Correlation Between SAN MIGUEL and Stryker
Can any of the company-specific risk be diversified away by investing in both SAN MIGUEL and Stryker at the same time? Although using a correlation coefficient on its own may not help to predict future stock returns, this module helps to understand the diversifiable risk of combining SAN MIGUEL and Stryker into the same portfolio, which is an essential part of the fundamental portfolio management process.
By analyzing existing cross correlation between SAN MIGUEL BREWERY and Stryker, you can compare the effects of market volatilities on SAN MIGUEL and Stryker and check how they will diversify away market risk if combined in the same portfolio for a given time horizon.
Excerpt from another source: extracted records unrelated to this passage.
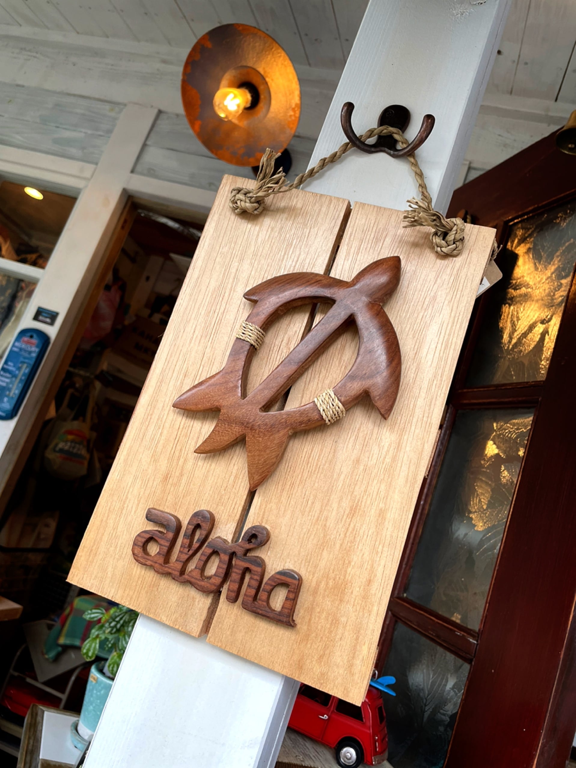 クラシックな雰囲気のウッドサイン。壁にかけるだけでグッとハワイアンな雰囲気に。ハワイアンテイストがお好きな方や、リゾート感満載のインテリアにこだわりたい方におすすめです。 ■サイズ:約H300×W190×D22mm(ロープ除く) ■素材:ウッド ■生産地:インドネシア <注意事項> ご覧になるPCの環境によっては実物と色味が若干違ってみえる場合があります。
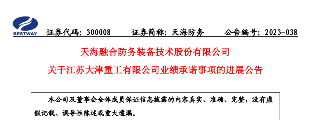 5月13日,天海防务发布公告,子公司大津重工未达到业绩承诺,触发了业绩补偿条款,上海佳船企业发展有限公司(以下简称“佳船企业”)及其实际控制人刘楠需补偿7.3亿元。
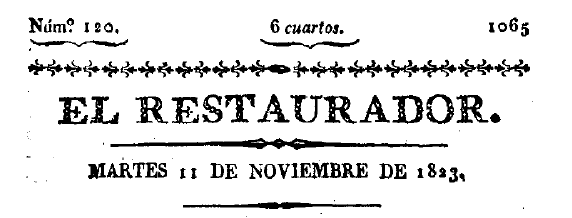 Fig. 3 Portada de El Restaurador de fecha 11 de noviembre de 1823 donde se habla de la llegada del Rey a Villarta.[Fuente: Hemeroteca Nacional digital.BNE]
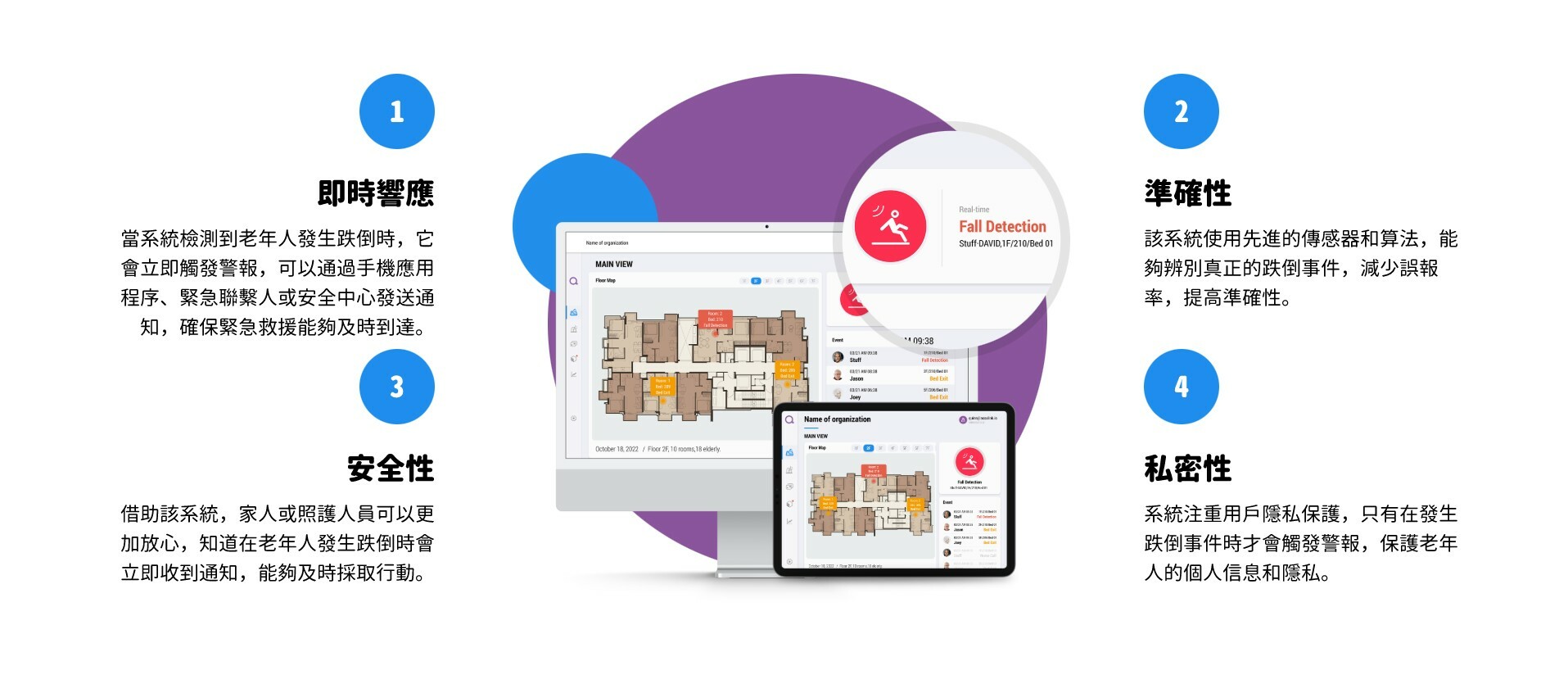 Fall detection 跌倒警報系統是一種用於監測和檢測老年人跌倒情況的技術系統。它通過使用傳感器、智能算法和通信技術,能夠及時發現老年人的跌倒事件,並發送警報通知相關人員,以便能夠及時採取救助措施。
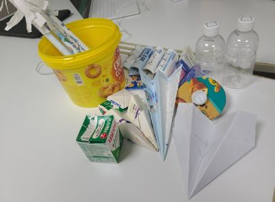 아이들이 직접 마시고 남은 우유팩, 페트병, 재활용이 되지 않는 동화책, 휴지심, 과자박스, 이면지 등을 활용하여
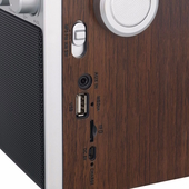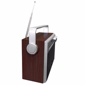 Радиоприемник легко взять с собой в дорогу. У него есть удобная складная ручка с сатинированным покрытием и телескопическая антенна. Питание возможно от сети или от встроенного аккумулятора на 1200 мАч. Корпус радиоприемника выполнен в покрытие тёмное дерево, что придает ему особую грацию.
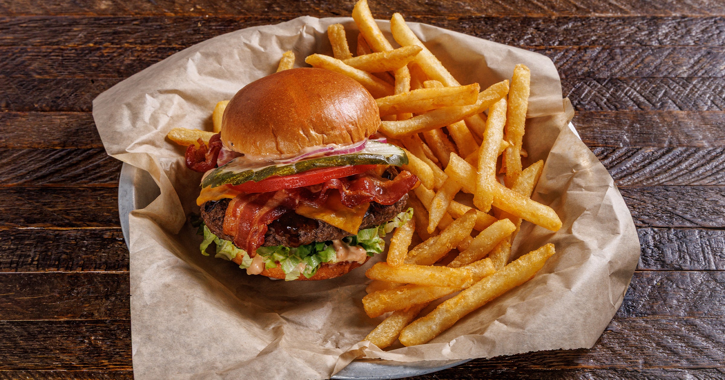 Grilled half-pound beef patty, smoked bacon, cheddar, chipotle ranch, lettuce, tomato, pickle, red onion. Choose from a side of fries, apple cider slaw, pickled cucumbers, or seasonal fruit, with the option to upgrade to Cajun fries, umami fries, lemon pepper tots, or onion rings for an additional cost.
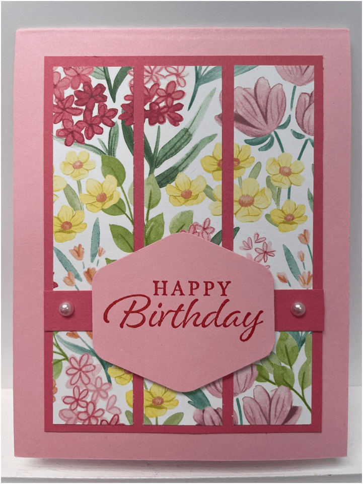 To create the card base, I cut a piece of Pretty in Pink cardstock to 8*1/2″ x 5-1/2″ on my Paper Trimmer, scored and folded at 4-1/4″, and burnished with my Bone Folder. I cut a piece of Strawberry Slush cardstock to 3-1/2″ x 4-3/4″ to act as a matte. I also cut a piece to 1/2″ x 3-1/2″ I cut a piece of Florals in Bloom DSP to 3″ x 4-1/2″ and then cut this into three strips, each 1″ wide.
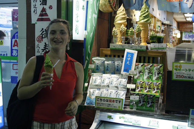 Dopo che a Kyoto ho assaggiato questa bontà, tornata a casa, non ho potuto fare a meno che procacciarmi ricetta e gelatiera. La ricetta me l'ha fornita il gastro blog di Kja Il Pranzo di Babette, la base almeno. Io l'ho un po' rivista utilizzando latte di riso e panna vegetale... ed ecco il mio prodotto! Era buonissimo anche se Nathan continua a dire che sa di erba marcia :) ... ma lui si sa, è un mangiapatate!
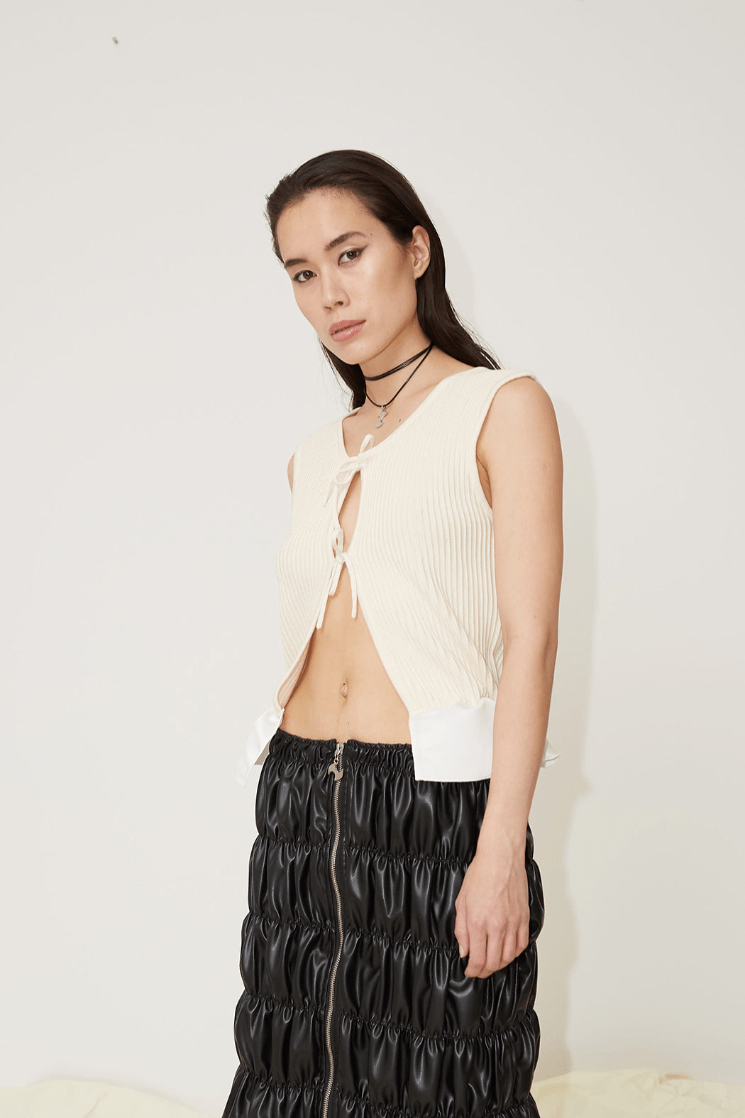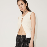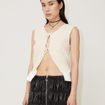 The Flora vest is crafted from compact ribbed knit material in 75% recycled wool and 25% recycled silk. The vest features a rounded neckline and is cut to a slim silhouette. Shaped with an open front and slender ties, the ties that can either be left undone or knotted into a bow for a whimsical finish.
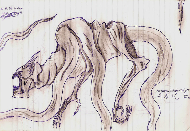 Amazingly, when I show people my current work, they seem to like this critter the best. One person even remarked that it looked plant-like, which it is supposed to be. But I think it looks like a giant booger.Anyhow, the Instance. No real reason for the name, it just popped to mind. I have to stop doing that. Somewhat inspired by Gravemind from Halo, but nowhere near as big, smart, and generally nifty. I think Instance ended up being a closer relative to Audrey II. (If you haven't seen "Little Shop of Horrors", go see it.)
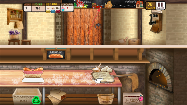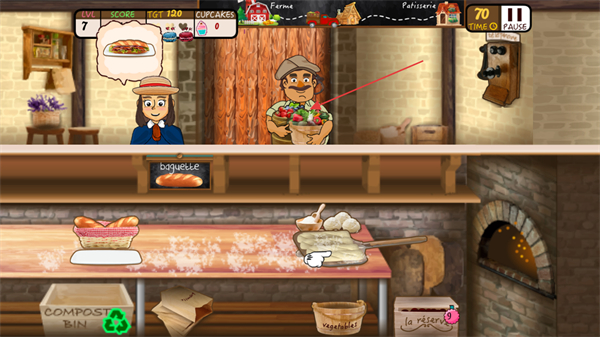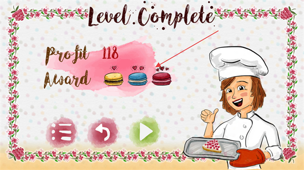 4、通过制作蔬菜面包赚取金币获得评分,达到一定的评分获得三颗心的评价。
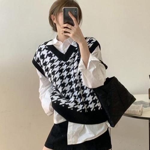 [옷자락] 여성 클래식 하운드투스 브이넥 니트 조끼
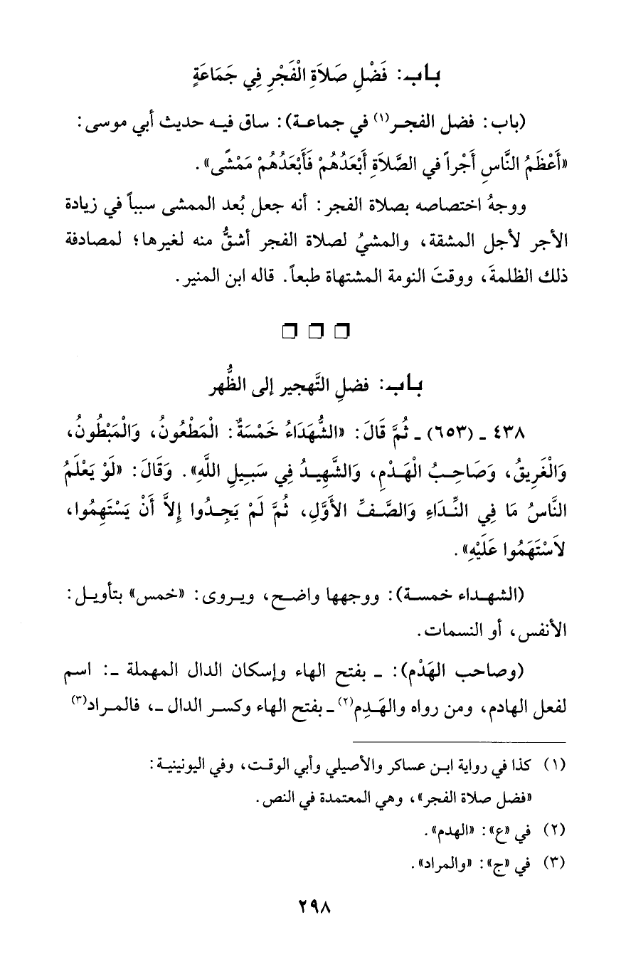 438 - (653) - ثُمَّ قَالَ: "الشُّهَدَاءُ خَمْسَة: الْمَطْعُونُ، وَالْمَبْطُونُ، وَالْغَرِيقُ، وَصَاحِبُ الْهَدْمِ، وَالشَّهِيدُ في سَبِيلِ اللهِ". وَقَالَ: "لَوْ يَعْلَمُ النَّاسُ مَا في النِّدَاءِ وَالصَّفِّ الأَوَّلِ، ثُمَّ لَمْ يجِدُوا إلا أَنْ يَسْتَهِمُوا، لاسْتَهَمُوا عَلَيْهِ".
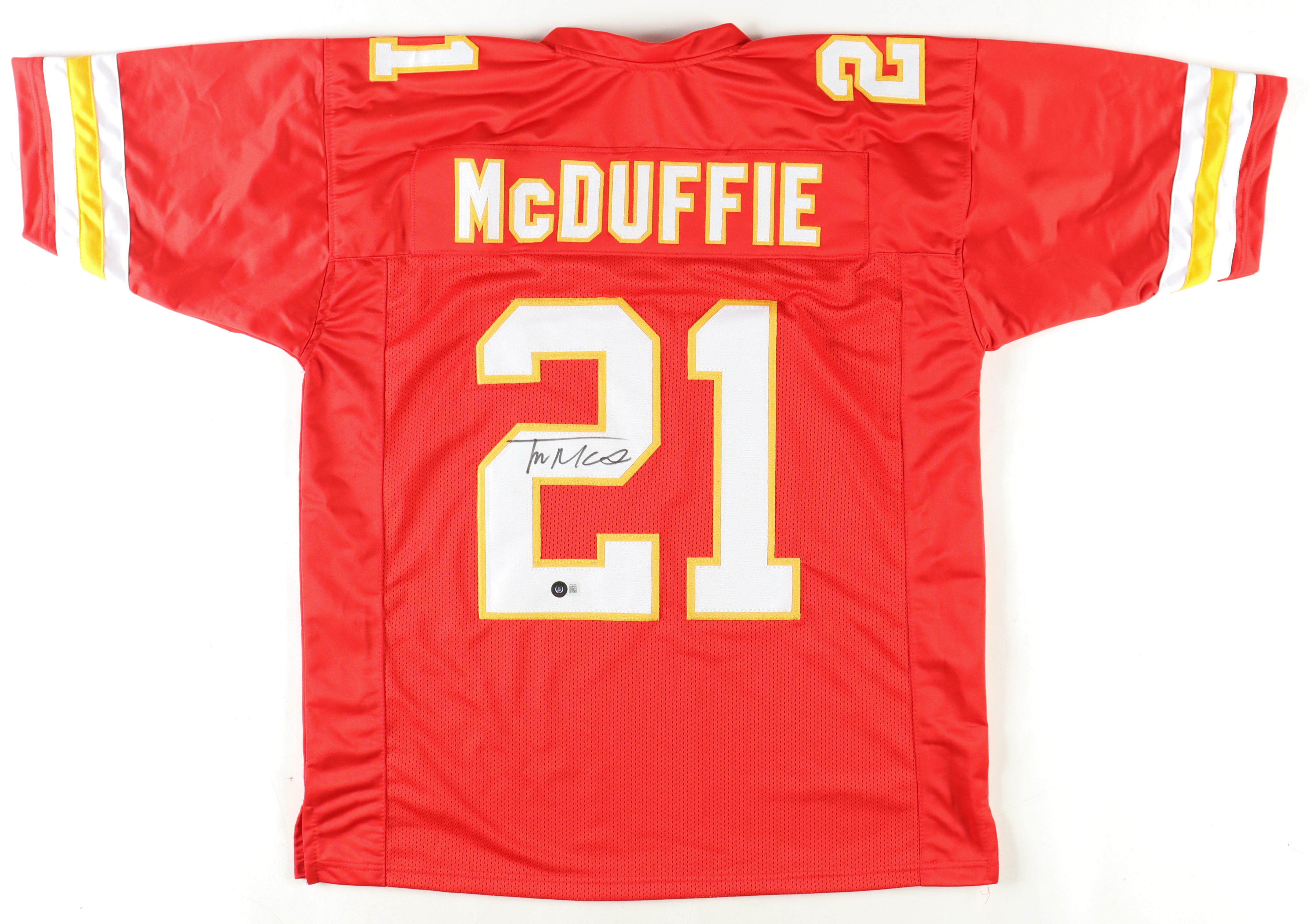 Custom jersey with everything sewn on, size XL. Has been hand-signed by Trent McDuffie.

You can also utilize pair trading strategies of matching a long position in SAN MIGUEL with a short position of Stryker. Check out your portfolio center. Please also check ongoing floating volatility patterns of SAN MIGUEL and Stryker.
Diversification Opportunities for SAN MIGUEL and Stryker
0.42 | Correlation Coefficient |
Very weak diversification
The 3 months correlation between SAN and Stryker is 0.42. Overlapping area represents the amount of risk that can be diversified away by holding SAN MIGUEL BREWERY and Stryker in the same portfolio, assuming nothing else is changed. The correlation between historical prices or returns on Stryker and SAN MIGUEL is a relative statistical measure of the degree to which these equity instruments tend to move together. The correlation coefficient measures the extent to which returns on SAN MIGUEL BREWERY are associated (or correlated) with Stryker. Values of the correlation coefficient range from -1 to +1, where. The correlation of zero (0) is possible when the price movement of Stryker has no effect on the direction of SAN MIGUEL i.e., SAN MIGUEL and Stryker go up and down completely randomly.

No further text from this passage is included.